■ Assignment ■
Repeat every line from the line containing "El Frente Frío" to the end of the data, exactly. Leave the pictures out.

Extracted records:
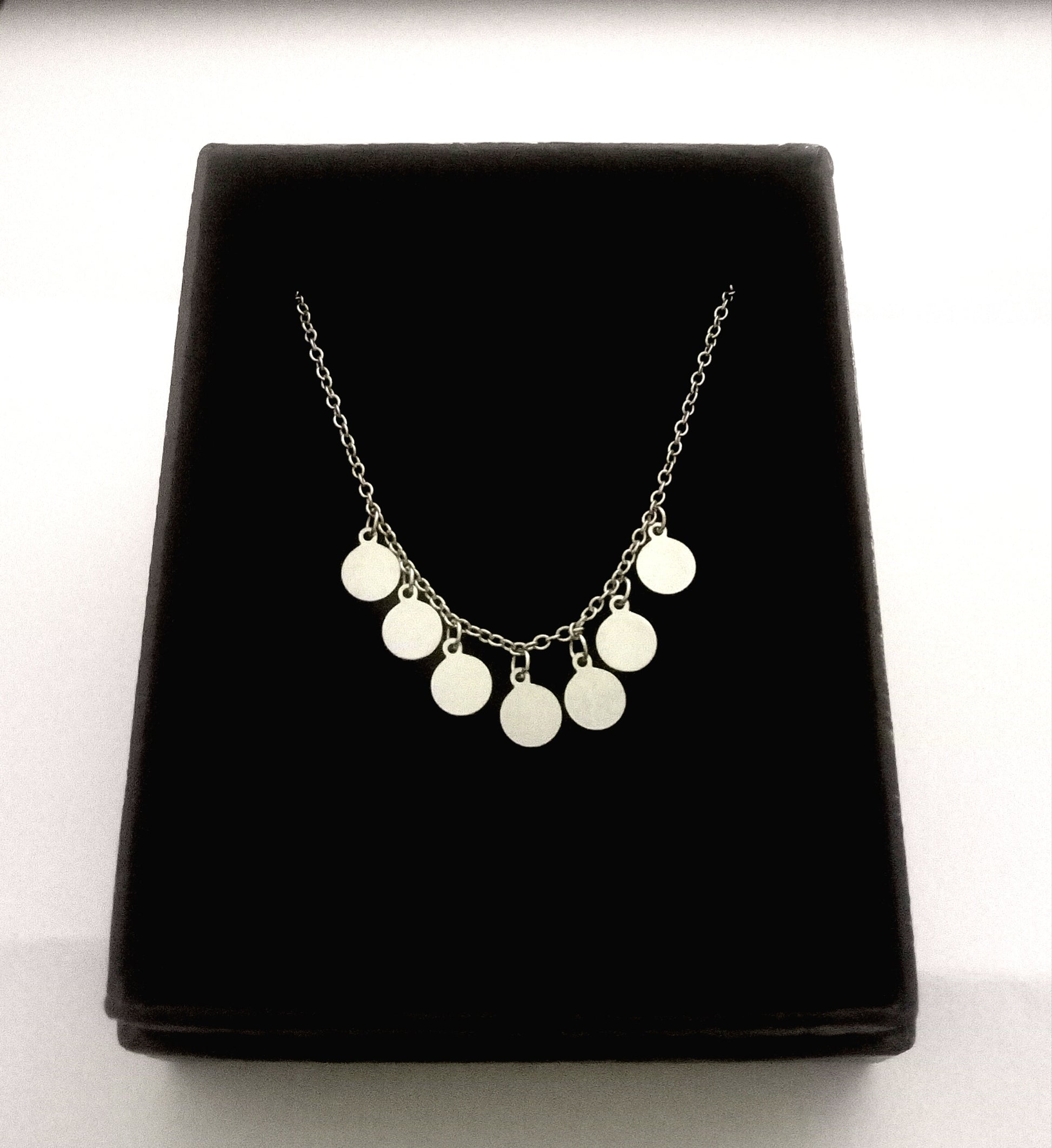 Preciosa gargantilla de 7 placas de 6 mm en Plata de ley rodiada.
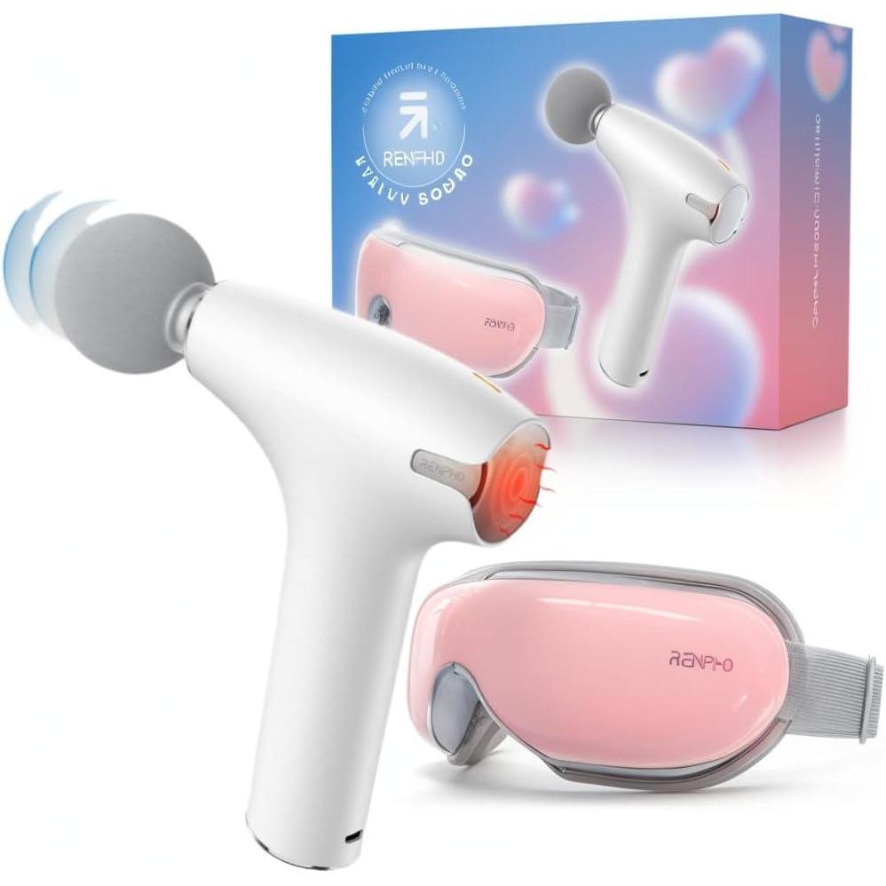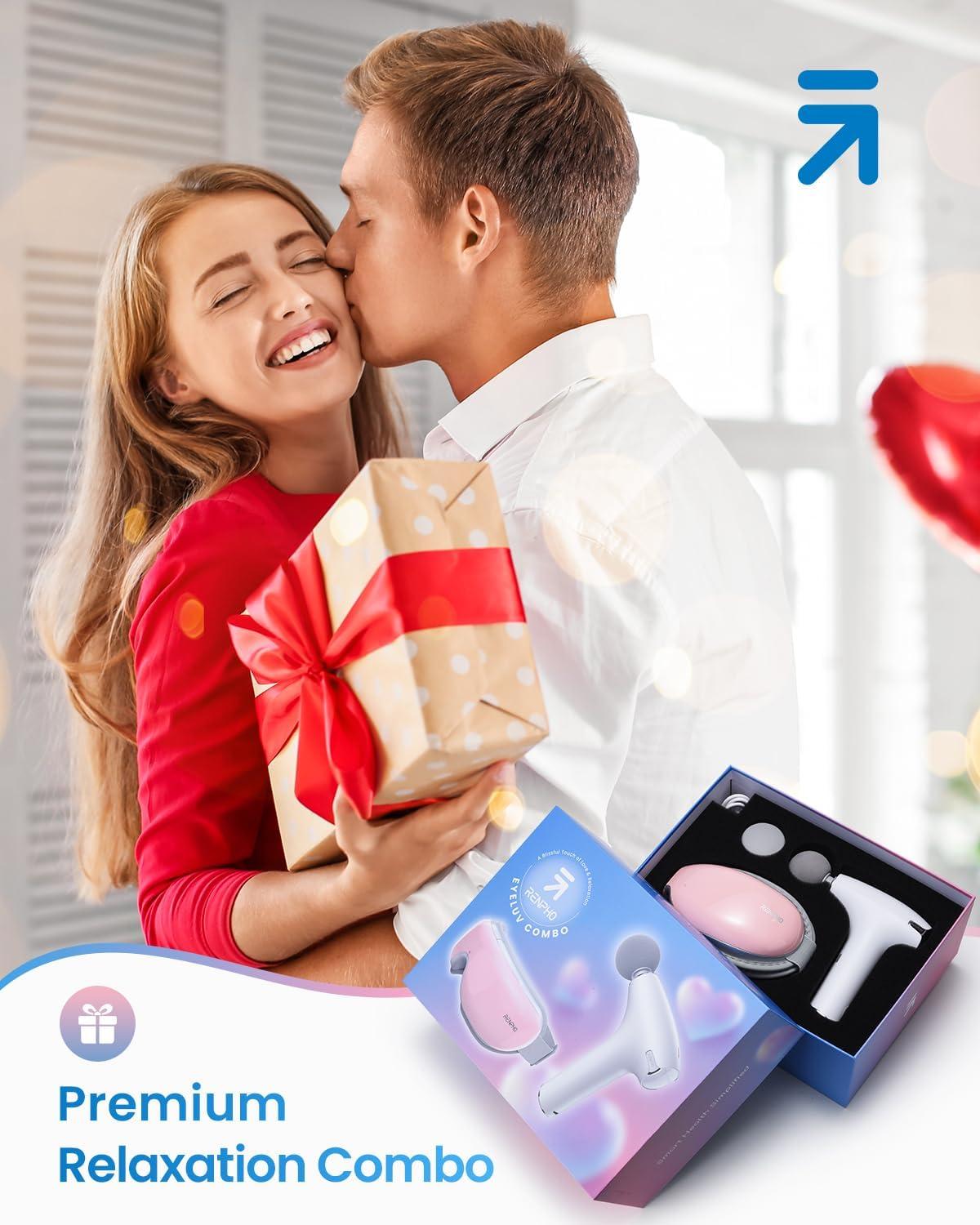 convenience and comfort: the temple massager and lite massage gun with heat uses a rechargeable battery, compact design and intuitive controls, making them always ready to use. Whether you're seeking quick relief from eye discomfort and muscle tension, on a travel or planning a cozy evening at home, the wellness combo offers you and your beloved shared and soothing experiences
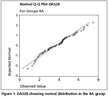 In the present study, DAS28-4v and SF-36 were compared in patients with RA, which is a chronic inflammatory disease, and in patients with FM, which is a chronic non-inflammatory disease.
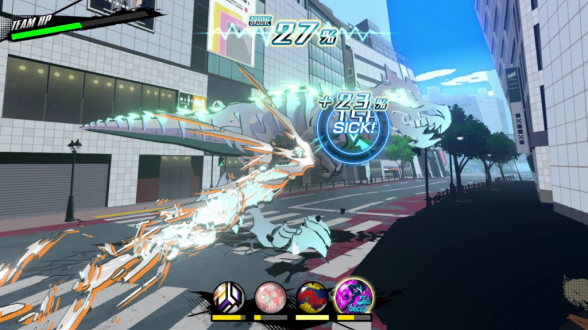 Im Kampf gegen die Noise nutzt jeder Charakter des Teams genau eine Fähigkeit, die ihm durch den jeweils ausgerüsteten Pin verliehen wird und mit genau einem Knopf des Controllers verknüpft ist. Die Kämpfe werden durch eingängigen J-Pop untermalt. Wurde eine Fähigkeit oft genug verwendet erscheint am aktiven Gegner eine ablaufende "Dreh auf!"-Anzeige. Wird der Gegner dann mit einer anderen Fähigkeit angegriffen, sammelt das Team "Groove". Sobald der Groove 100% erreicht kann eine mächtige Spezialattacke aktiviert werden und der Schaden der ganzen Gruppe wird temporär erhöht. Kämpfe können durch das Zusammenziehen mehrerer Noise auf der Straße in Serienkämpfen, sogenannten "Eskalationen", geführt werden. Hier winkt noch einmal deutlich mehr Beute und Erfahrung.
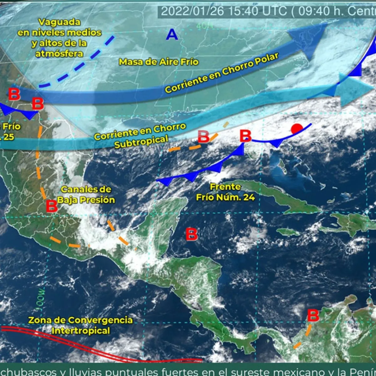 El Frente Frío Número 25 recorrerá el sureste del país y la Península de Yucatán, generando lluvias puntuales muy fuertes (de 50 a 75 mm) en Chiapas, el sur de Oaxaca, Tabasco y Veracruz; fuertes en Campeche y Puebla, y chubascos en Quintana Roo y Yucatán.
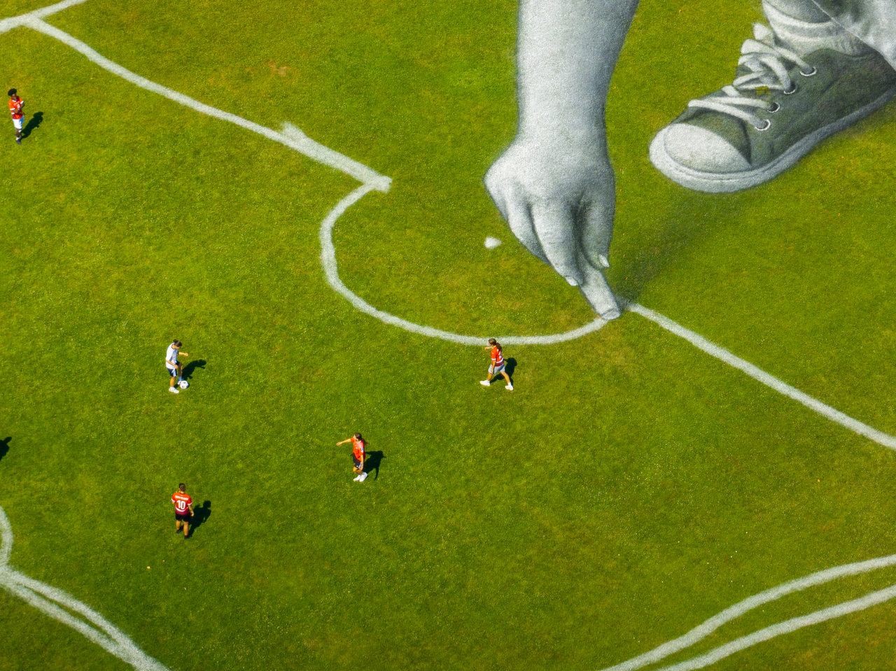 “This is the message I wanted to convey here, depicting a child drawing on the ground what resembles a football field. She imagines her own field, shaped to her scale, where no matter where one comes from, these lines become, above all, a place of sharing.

■ Expected answer ■
 El Frente Frío Número 25 recorrerá el sureste del país y la Península de Yucatán, generando lluvias puntuales muy fuertes (de 50 a 75 mm) en Chiapas, el sur de Oaxaca, Tabasco y Veracruz; fuertes en Campeche y Puebla, y chubascos en Quintana Roo y Yucatán.
 “This is the message I wanted to convey here, depicting a child drawing on the ground what resembles a football field. She imagines her own field, shaped to her scale, where no matter where one comes from, these lines become, above all, a place of sharing.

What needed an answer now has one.